AME Azure Policy enforces allowSharedKeyAccess=false, which blocks ARM deploymentScripts because they require shared-key-backed storage. The old deploymentScript worked around a bicep limitation: AMW discovery had to produce a complete integration list for the Grafana ARM PUT.

Moving Grafana create/update into grafanactl removes that bicep output contract entirely. grafanactl can look up AMWs directly, apply azureMonitorWorkspaceIntegrations, and reconcile datasources without passing discovered workspace IDs back into bicep.

Testing

Planned for this redesign:

  • cd tooling/grafanactl && PATH=$HOME/sdk/go1.25.7/bin:$PATH GO=$HOME/sdk/go1.25.7/bin/go go build ./...
  • PATH=$HOME/sdk/go1.25.7/bin:$PATH GO=$HOME/sdk/go1.25.7/bin/go go test ./...
  • cd config && PATH=$HOME/sdk/go1.25.7/bin:$PATH GO=$HOME/sdk/go1.25.7/bin/go make materialize
  • PATH=$HOME/sdk/go1.25.7/bin:$PATH GO=$HOME/sdk/go1.25.7/bin/go make validate-config-pipelines
  • PATH=$HOME/sdk/go1.25.7/bin:$PATH GO=$HOME/sdk/go1.25.7/bin/go make yamlfmt
  • /home/rael/bin/bicep build ...
  • /home/rael/bin/bicep lint ...
  • git diff --exit-code

Special notes for your reviewer

cc @jboll as owner.

Key review point: role management intentionally stays in bicep. Only Grafana resource create/update, AMW integration discovery, and datasource reconciliation move into grafanactl so the AMW lookup no longer needs to become a bicep output.

PR Checklist

  • PR is scoped to a single task (no mixed concerns)
  • Title follows Conventional Commits format
  • Summary explains the "Why" behind the change
  • Linked to relevant ticket/issue
  • Screenshots included (if graph/UI/metrics changes)
  • Self-reviewed the diff
  • CI/CD checks are passing (ignore Tide)
  • Draft PR used for WIP (if applicable)
  • Commit history is clean (rebased/squashed)
  • Tricky code blocks are commented
  • Specific reviewers tagged
  • All comment threads resolved before merge

If E2E tests are included:

  • E2E tests follow Principles of Good E2E Test Case Design
  • If new E2E use case is covered (via a new test or new check/verifier),
    demonstrate that the test is able to detect a defect/error and fail with
    proper error message and logs which communicates nature of the problem.

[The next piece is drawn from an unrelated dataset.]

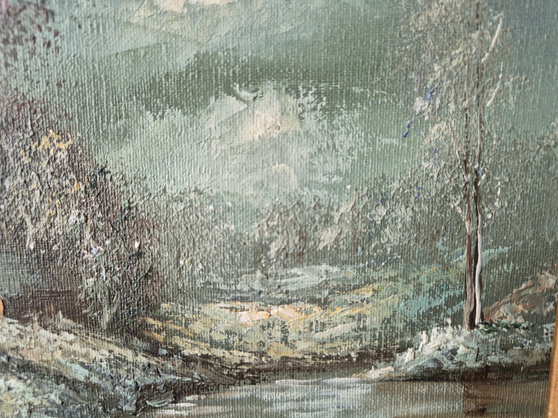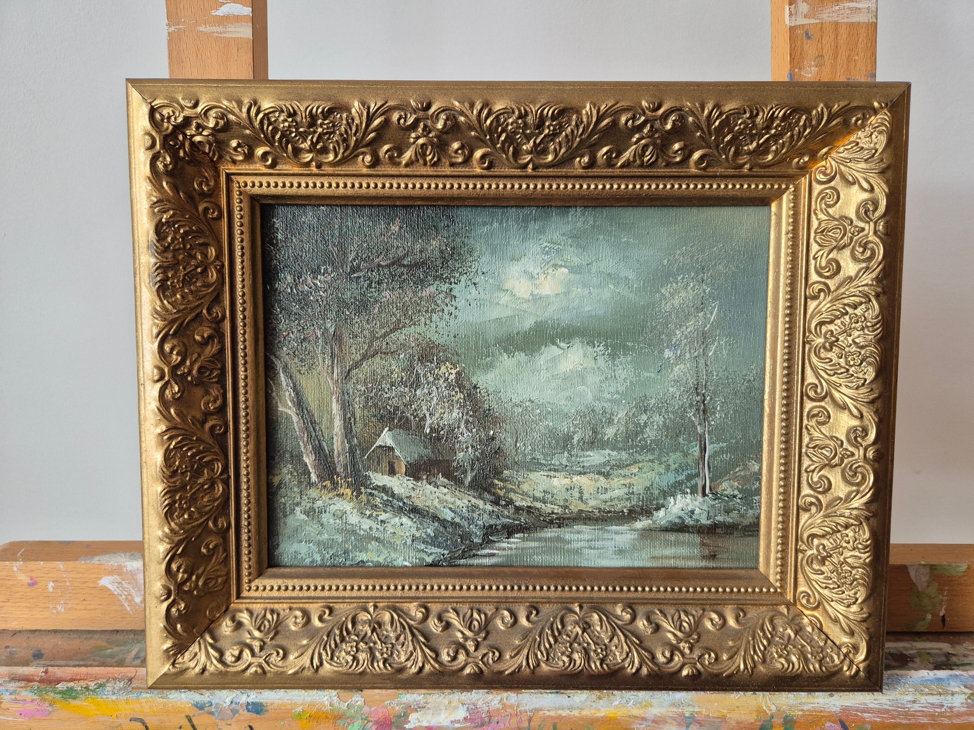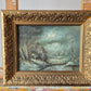 Dieses stimmungsvolle Ölgemälde der Europäische Schule (XX) zeigt einen ruhigen Winterabend an einem Bachlauf. Die Szenerie ist in sanften, kühlen Farbtönen gehalten und vermittelt eine besinnliche, fast romantische Atmosphäre. Die verschneite Landschaft, der stille Bach und die warme Lichtstimmung lassen die Ruhe des Winters eindrucksvoll spürbar werden.

Copilot AI review requested due to automatic review settings June 29, 2026 09:11

Copilot AI left a comment

Copy link
Copy Markdown
Contributor

Choose a reason for hiding this comment

The reason will be displayed to describe this comment to others. Learn more.

Pull request overview

This PR removes the ARM deploymentScripts-based Grafana Azure Monitor workspace integration lookup/preservation flow and replaces it with a global pipeline Shell step that patches the Managed Grafana resource after the global infra deployment. This is intended to avoid deployment scripts that require shared-key-backed storage access, which is blocked by policy.

Changes:

  • Remove the integration-lookup Bicep module (and its PowerShell payload) and stop supplying grafanaIntegrations via the Grafana ARM resource.
  • Add a pipeline Shell step plus a Bash script to read and PATCH existing Azure Monitor workspace integrations.
  • Add an additional role assignment for the Grafana manager identity to support the new flow.

Reviewed changes

Copilot reviewed 7 out of 7 changed files in this pull request and generated 3 comments.

Show a summary per file
File Description
dev-infrastructure/templates/global-infra.bicep Removes the integration lookup module and stops passing integrations into Grafana deployment.
dev-infrastructure/scripts/grafana-integrations.sh New Bash script to query and PATCH Grafana workspace integrations.
dev-infrastructure/modules/grafana/integration-lookup.bicep Deletes the ARM deploymentScripts lookup module.
dev-infrastructure/modules/grafana/instance.bicep Removes grafanaIntegrations from the Grafana resource and adds a new role assignment for the manager identity.
dev-infrastructure/modules/grafana/grafanaIntegrationsLookup.ps1 Deletes the PowerShell payload used by the deployment script.
dev-infrastructure/global-pipeline.yaml Adds a global Shell step to run grafana-integrations.sh after global infra deploys.
dev-infrastructure/global-pipeline-stg.yaml Mirrors the same Shell step addition for the STG-global pipeline.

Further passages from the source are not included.